I'm going to be blunt and give the details of this situation, because I really need feedback and advice about it..please and thank you..
This girl and I met in college, and she's a year behind me. I fell for her and she slowly started falling for me because I was falling for her, and now we've gotten to the point of us loving each other a lot. She means so much to me and she tells me, I surprise her more and more creatively all the time (writing her things, writing songs, and other surprises), and all the time how she loves me, that i am so good to her, that she wants to keep me, and that she misses me (when im not there). Before she fell for me i wanted to date her but she didnt want that, and she still doesnt want any commitment, or a relationship.. She likes that we don't have a name for what we are, and where we are. It's clear that we really love each other.
Now for the twist...
She is friends with a lottttttttttttt of guys at school, and yes she hangs out with me a lot more than any one of them, she's incredibly attractive and extremely stylish, and almost every single one of those guys wants to get with her. I am afraid to completely trust her even though I want to because she could have any guy she wants, she loves being spoiled, and I just feel like I have issues believing everything, she's always txtingggg, and most of the time its either her best friend (girl) or boys.. and it makes me feel uneasy and suspicious... I can't fully explain why, but my imagination runs wild sooooo fast when i see that she's txting another guy.

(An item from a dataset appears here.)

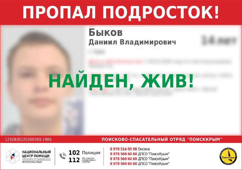 Обратите внимание! Пропал Быков Даниил Владимирович, 14 лет (2011 г.р.) г. Саки, Республика Крым С 9 марта 2026 года его местонахождение неизвестно. Просим сообщать любую информацию, связанную с пои

Also, I haven't performed well sexually, and so she's admitted to thinking that maybe she's not enough to stimulate me.. and Im afraid that me not being able to stay hard is making the situation more uneasy for me, and leads my imagination to think that it would be a motivating reason for her to loose interest in me, cuz she likes having a guy whose good in bed and im inexperienced..
She shows affection in saying that she loves me, and has tried doing a couple things for me, but doesn't seem to go out of her way to do things for me the way I do for her, but she keeps every single thing i give to and do for her... She tells me she loves me and for me to stop doubting it... that it pisses her off.. and I feel really pressured to make sure I am good at intercourse (I satisfy her a lottttt with other methods).. and really, I feel like everything is just some big thing made up in my head built off of insecurities, vigilant fear to believe everything (my parents betrayed my trust for years as a teenager), fear of be played for attention and love, and not knowing how to act like a 20 year old man.. I cannot express how much this is boiling inside me (and yes I see counseling), but I honestly need to hear a girl's side and opinion of this situation with this girl, what she says, and the relationship between her and I.. Please.